To complete a contact after hearing CQ, you may have to respond to that CQ call over a number of cycles before the meteor trail gods bring all those meteors into alignment so that your response reaches the person on the other end. It is not uncommon for contacts to range over 10 minutes or more. Fortunately, it is usually much less. However, this is not like a DXpedition where once you are called back the rest of the contact is over in 30 seconds.

Long Contact Span

Left: While not always typical, contacts can take 10 minutes or more to complete on days when meteor activity is low; typically contacts last over several minutes or more.

In the screen capture showing a typical contact, notice I initiated my response call at 10:09:00 (as I was pointing east), and the contact continues over 36 cycles (I counted for you!) and spans 12 minutes. Now before you tune out and say “Whoa, no way, man! That’s crazy!” I have two very valid points to make. 1) If you are chasing a rare DX station as I often do, it is nothing for me to try for 20 minutes or more to break the pileup and make the contact. I have actually spent 3 hours or more attempting to work a really rare DX station. Compared to that, 5, 10, or even 15 minutes is not a long time. 2) Stop and think about how totally cool it is to be using meteors to be making a contact with someone!! That’s definitely worth some real bragging
rights to your ham buddies who have never done this, and just the cool factor alone keeps me coming back to see how far I can make a meteor scatter contact!

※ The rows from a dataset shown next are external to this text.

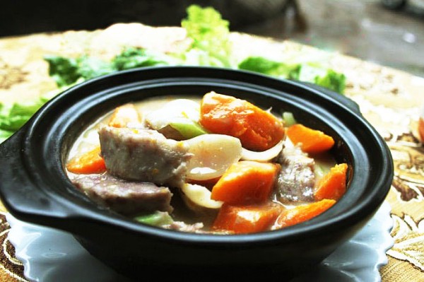 出锅倒入煲中、再将煲放到小炉子煮开勾少许芡汁即可上菜了。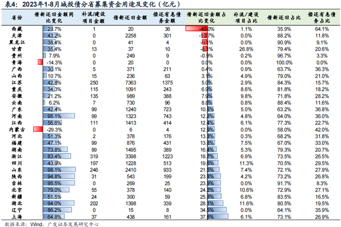 2023年1-8月多数省份发行城投债主要用于借新还旧,并且占比相较去年同期进一步上升。具体来看,除西藏、内蒙古、广东、广西、河南、辽宁、福建、河北外,各省用于借新还旧的占比均在70%以上。从借新还旧金额占比变化来看,仅西藏、天津、黑龙江、甘肃、贵州有所下降,其中西藏和天津降幅超过10个百分点。
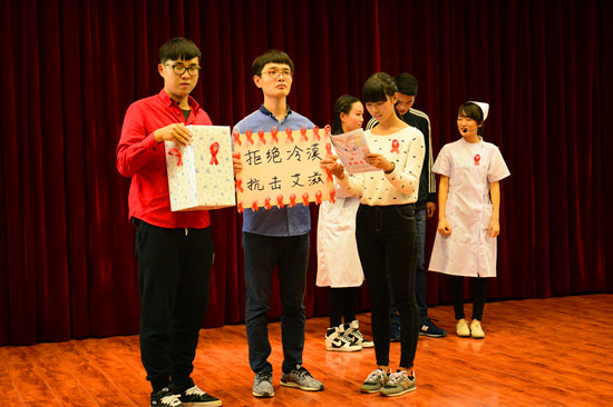演出前,任丽君还与同学们谈了艾滋病给家庭带来的悲剧,给社会造成的创伤,倡议大家共同向“零”艾滋迈进,作一个防艾战士。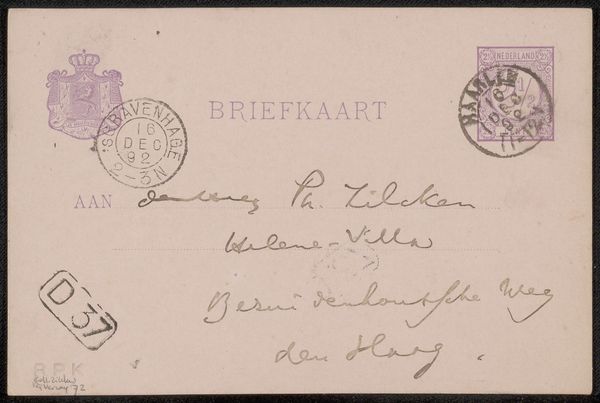 Editor: So, here we have a piece titled "Briefkaart aan Philip Zilcken," dating from before 1893. It's essentially a postcard, rendered in ink on paper. I find the script rather delicate, almost ghostly. What’s your take? Curator: It's fascinating how such an everyday object can offer glimpses into the social networks and cultural milieu of the time. Who was Philip Zilcken and what role did he play in the art world? That would contextualize the significance of the card and Verwey's connection to him. Editor: Good question! Let’s assume for a second that Zilcken was a relatively important critic at the time. Curator: Then this “Briefkaart”, with its seemingly simple message, becomes a document in a subtle negotiation. Consider how correspondence itself functioned – the cost of postage, the time it took, the implicit hierarchy established between sender and recipient. Even the design elements - the stamps, the official imprints - communicate ideas about nation, administration, and power. Editor: That's a side of it I wouldn't have considered. It’s like analyzing social dynamics. Is there more than meets the eye to Albert Verwey's handwriting? Curator: Indeed. Calligraphy was viewed differently then; penmanship carried social weight. Was his hand considered elegant, modern, old-fashioned? These choices reflected conscious decisions about presentation. How did artists like Verwey and Zilcken contribute to the broader discourse, and how did institutions reinforce or challenge those narratives? Editor: This has made me think about how something as simple as a postcard also serves as a social artifact that preserves a message across generations. I realize it makes more sense if I see art as an exchange between people. Curator: Exactly. Analyzing it reveals the politics of imagery in ways that looking just at paintings often obscure.

If you are like me, radio is still magical, and meteor scatter is all the more so – we are interacting with particles that have travelled thousands and thousands of miles to get here! That’s awe inspiring!

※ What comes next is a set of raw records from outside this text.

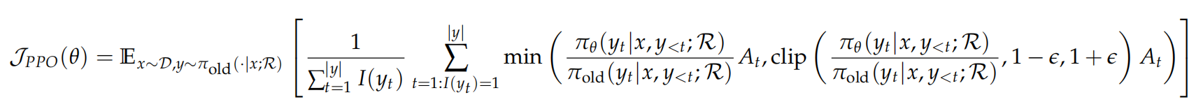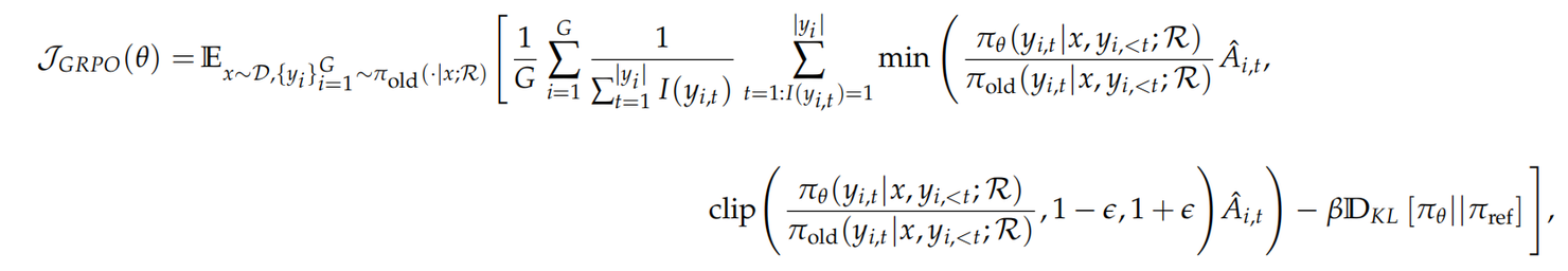 论文把目标写成:在给定输入 $x$ 和搜索引擎 $R$ 的条件下,最大化模型生成轨迹的期望奖励,同时加入与参考模型之间的 KL 正则,都是一些经典做法。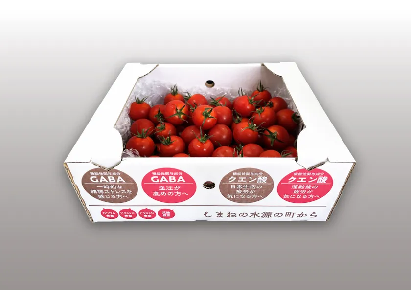 「農業を健康産業に!」を経営理念に掲げる当社は他社との更なる差別化を目指し、近年社会問題にもなってきている超ストレス社会の問題解決としてトマトに含まれる栄養素で精神ストレス緩和・肉体的疲労軽減ができるのではないかと着目しました。同志社大学生命医科学部アンチエイジングリサーチセンターと産学連携で共同研究を経て、リコピン、GABA、クエン酸の高含有を確認し、機能性表示食品登録を目指しました。夏場と冬場でのバラツキが多いリコピンは対象から外し、GABA、クエン酸の2つの栄養素で3つの機能性表示食品登録となりました。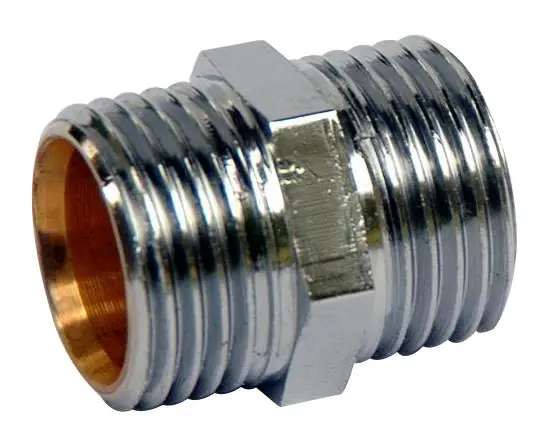 För koppar-, stål- och PEX-rör. Till mjuka och halvhårda koppar- och stålrör samt PEX-rör skall stödhylsor användas. G=cylindrisk rörgänga. Utvändig gänga, förkromad.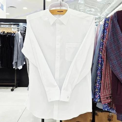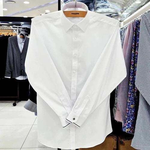[백화점 정품] 레노마셔츠 남성 스판 화이트 일반핏 긴팔 와이셔츠

While perhaps not quite as amazing as bouncing your signal off the moon to contact someone halfway around the world, it is still really exciting to think you can send massive amounts of data in a short burst before a meteor trail fizzles out in a matter of seconds or less. MSK144 transmits a complete data package, including redundant data features, every 70 milliseconds!!
This is why you may see a half dozen or more repeats of a signal in the same cycle as each data package is received and decoded. The redundant nature of the transmission helps to deal with the chaotic randomness of the meteors. If even one data package gets through, then the receiving station can answer accordingly.

You might be wondering, “How can I react fast enough to respond to packets sent in 70 millisecond intervals?” You do not have to. Remember we are dealing with 15 second cycles,
so once a CQ comes through and you double click on it to respond (just as with FT8 etc.), the software does the rest, assuming Auto Sequence is checked. The software then follows the
same pattern as when making auto-sequenced FT8 or FT4 contacts. If you are calling CQ, the auto sequence is even easier once someone responds, again, just like FT8.

You can see why I said it is best to get familiar with FT8/FT4 before trying meteor scatter. You will be a lot more relaxed making these amazing contacts with some real digital mode experience to fall back on.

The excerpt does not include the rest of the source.